Given information:
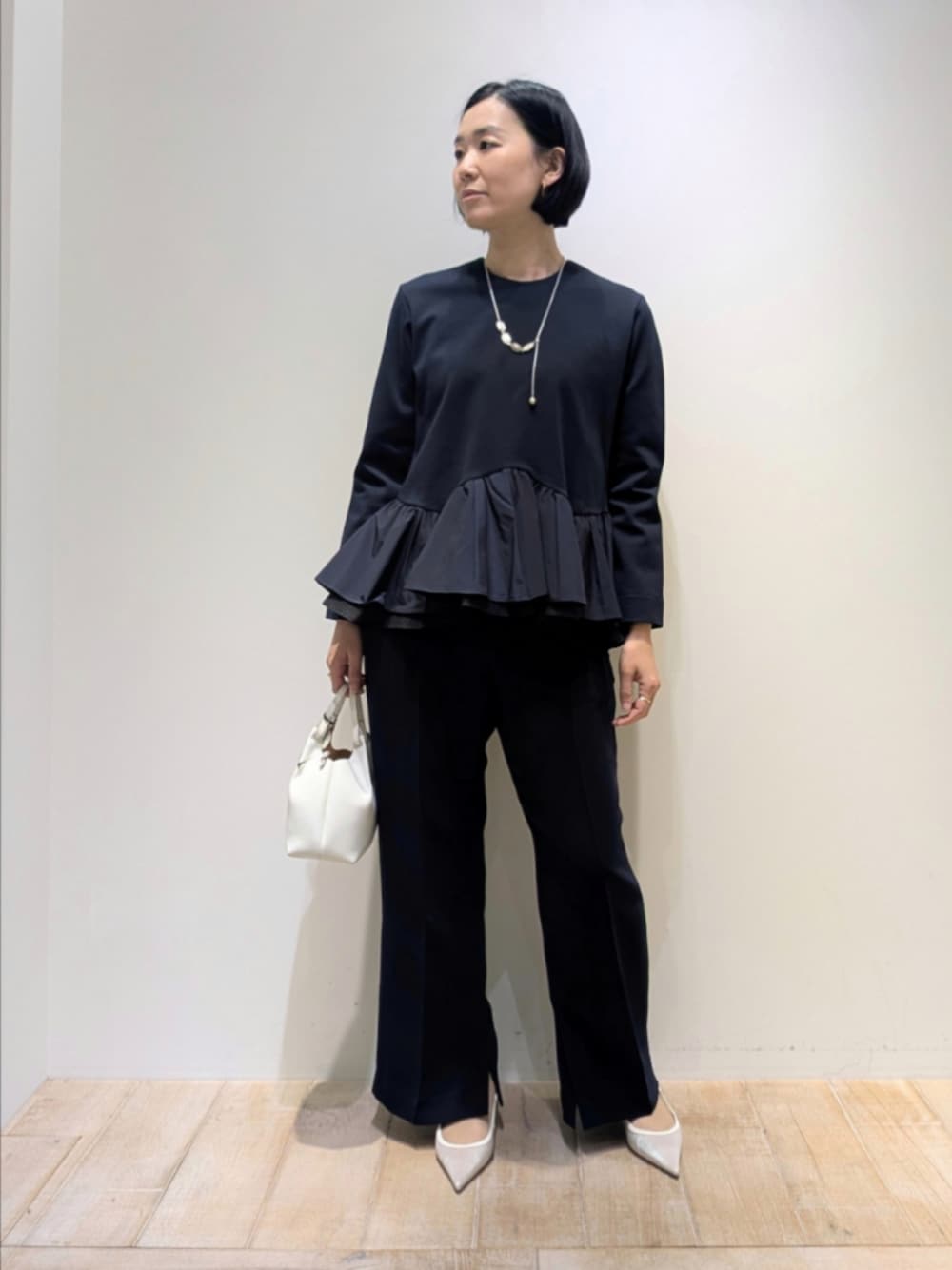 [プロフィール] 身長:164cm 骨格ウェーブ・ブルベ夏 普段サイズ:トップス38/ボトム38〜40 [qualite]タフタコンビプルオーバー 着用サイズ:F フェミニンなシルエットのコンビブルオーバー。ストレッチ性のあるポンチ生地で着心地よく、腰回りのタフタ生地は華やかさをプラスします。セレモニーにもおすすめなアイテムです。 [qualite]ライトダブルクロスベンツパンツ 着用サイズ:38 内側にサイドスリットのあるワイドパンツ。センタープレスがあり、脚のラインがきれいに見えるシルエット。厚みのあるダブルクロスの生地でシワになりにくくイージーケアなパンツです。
==
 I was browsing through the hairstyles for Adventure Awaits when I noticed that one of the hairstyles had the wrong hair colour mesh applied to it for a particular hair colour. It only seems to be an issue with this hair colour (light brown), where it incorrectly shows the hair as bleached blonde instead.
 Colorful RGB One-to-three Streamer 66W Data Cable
...
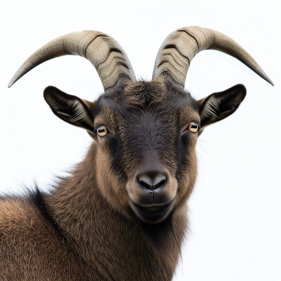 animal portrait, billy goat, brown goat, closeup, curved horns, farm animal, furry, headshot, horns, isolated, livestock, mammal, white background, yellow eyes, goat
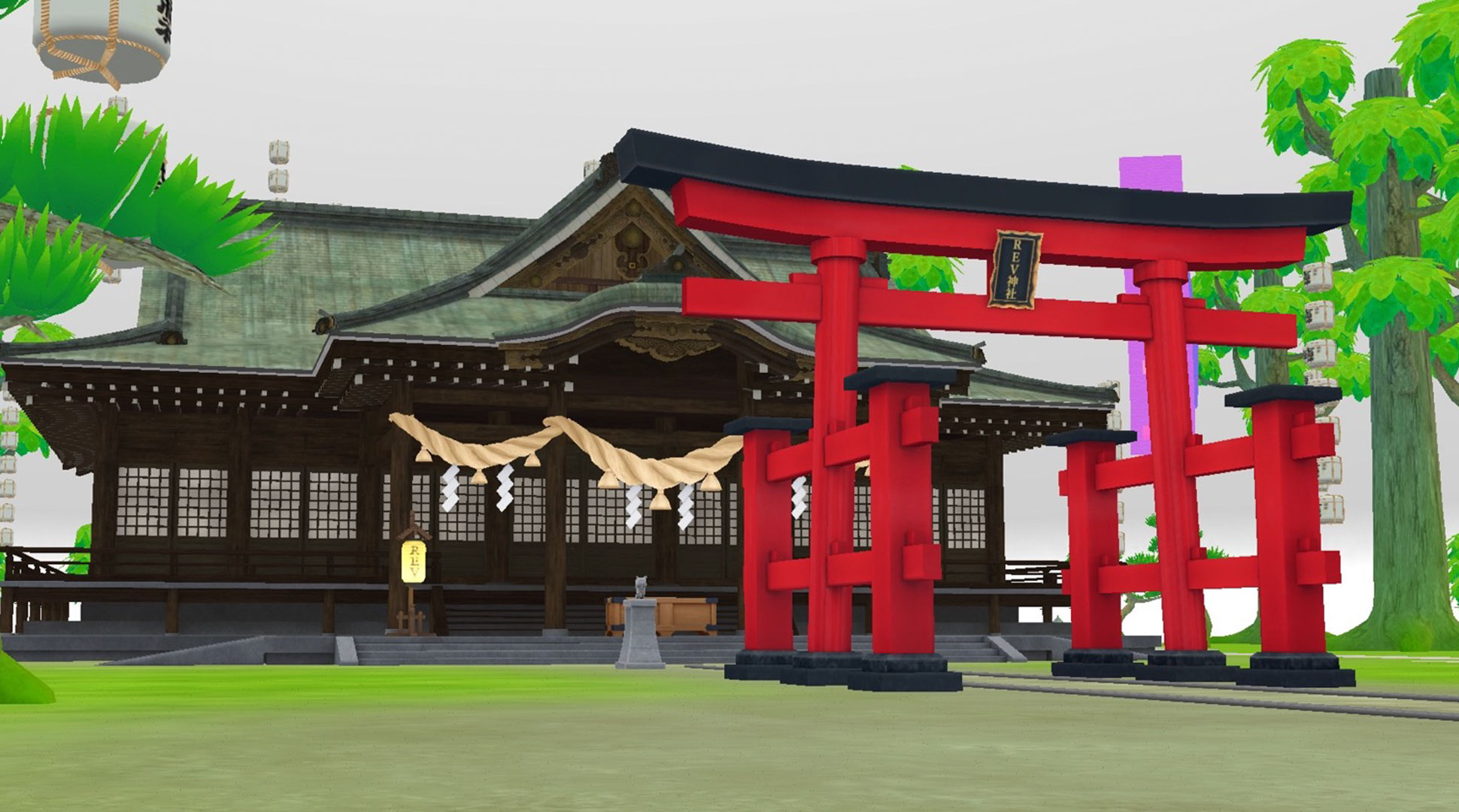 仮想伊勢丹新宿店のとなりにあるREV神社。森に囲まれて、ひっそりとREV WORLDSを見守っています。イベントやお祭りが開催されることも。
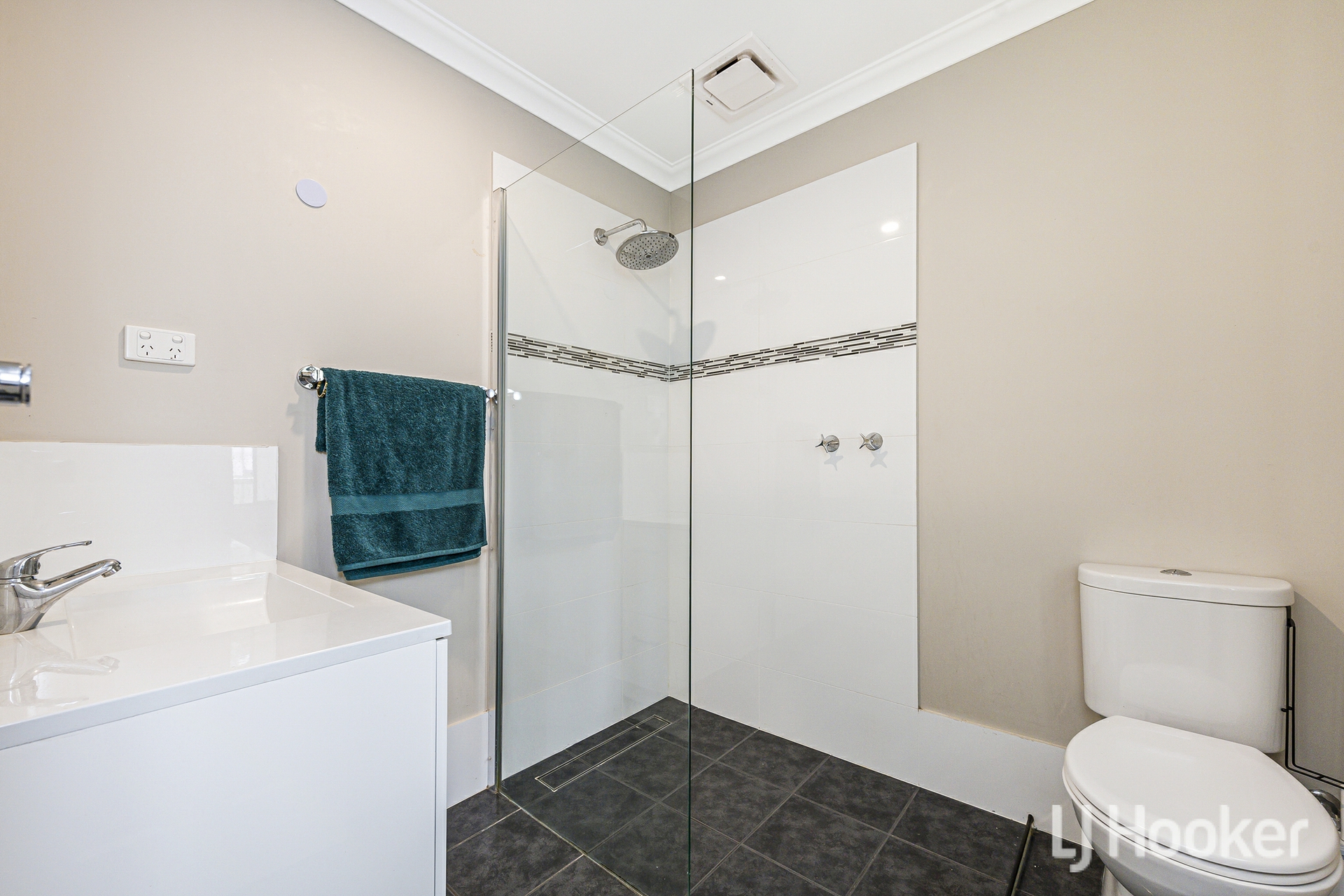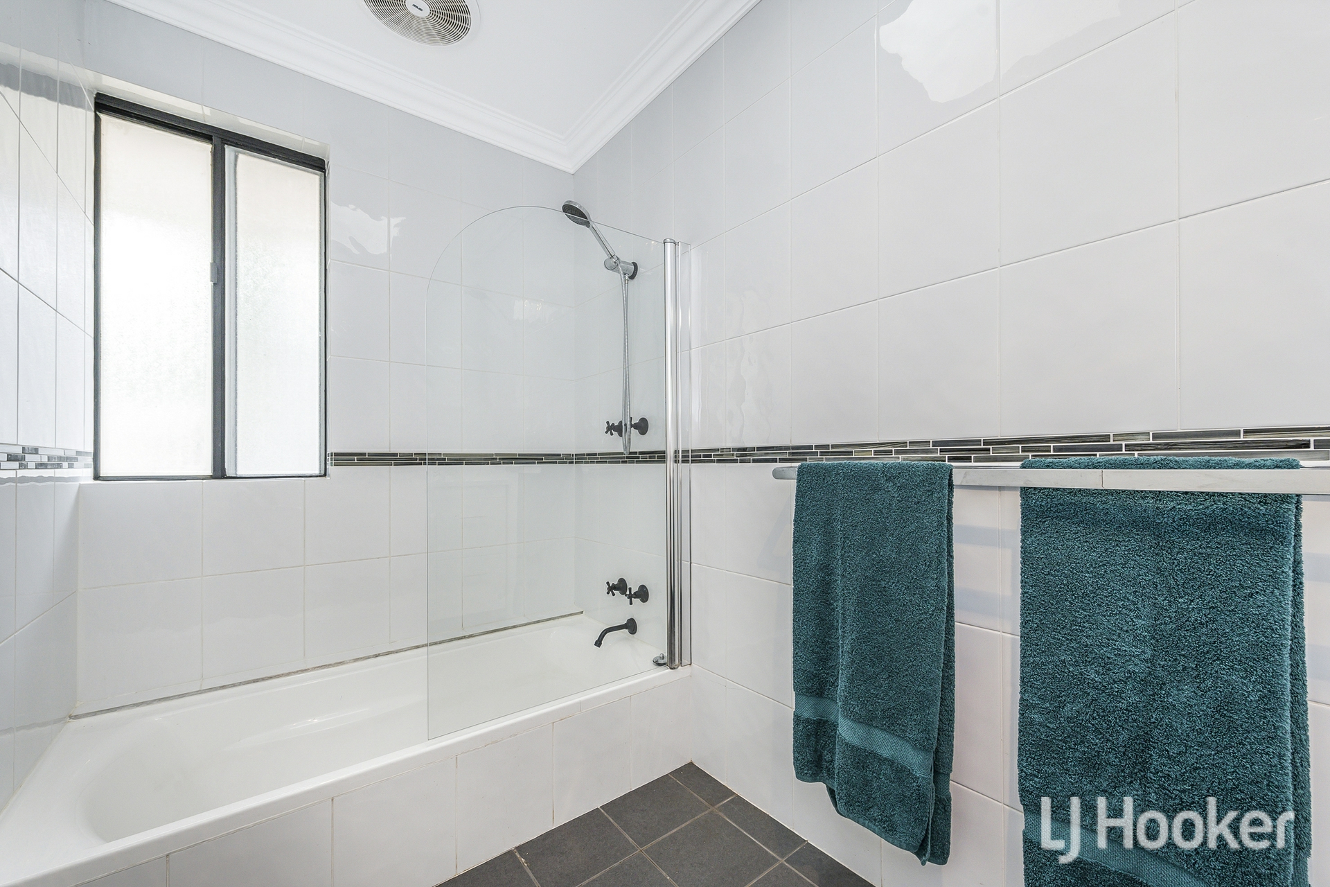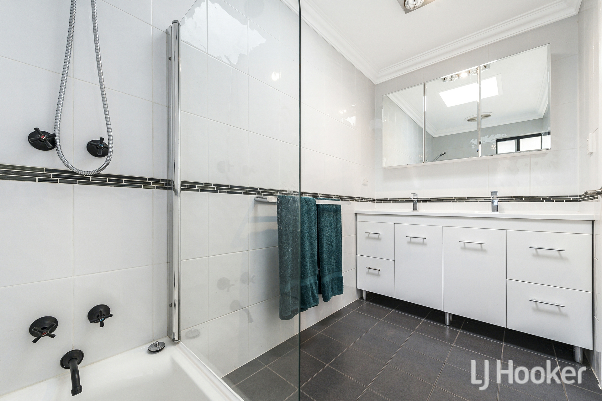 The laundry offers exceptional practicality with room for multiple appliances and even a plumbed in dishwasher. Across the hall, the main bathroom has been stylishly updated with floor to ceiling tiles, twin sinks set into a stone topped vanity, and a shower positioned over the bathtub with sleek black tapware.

What to produce:
Both the line above containing "仮想伊勢丹新宿店のとなりにあ" and the line containing "The laundry offers" belong in the copy, along with every line between them; print these exactly and omit the pictures.

Solution:
 仮想伊勢丹新宿店のとなりにあるREV神社。森に囲まれて、ひっそりとREV WORLDSを見守っています。イベントやお祭りが開催されることも。
 The laundry offers exceptional practicality with room for multiple appliances and even a plumbed in dishwasher. Across the hall, the main bathroom has been stylishly updated with floor to ceiling tiles, twin sinks set into a stone topped vanity, and a shower positioned over the bathtub with sleek black tapware.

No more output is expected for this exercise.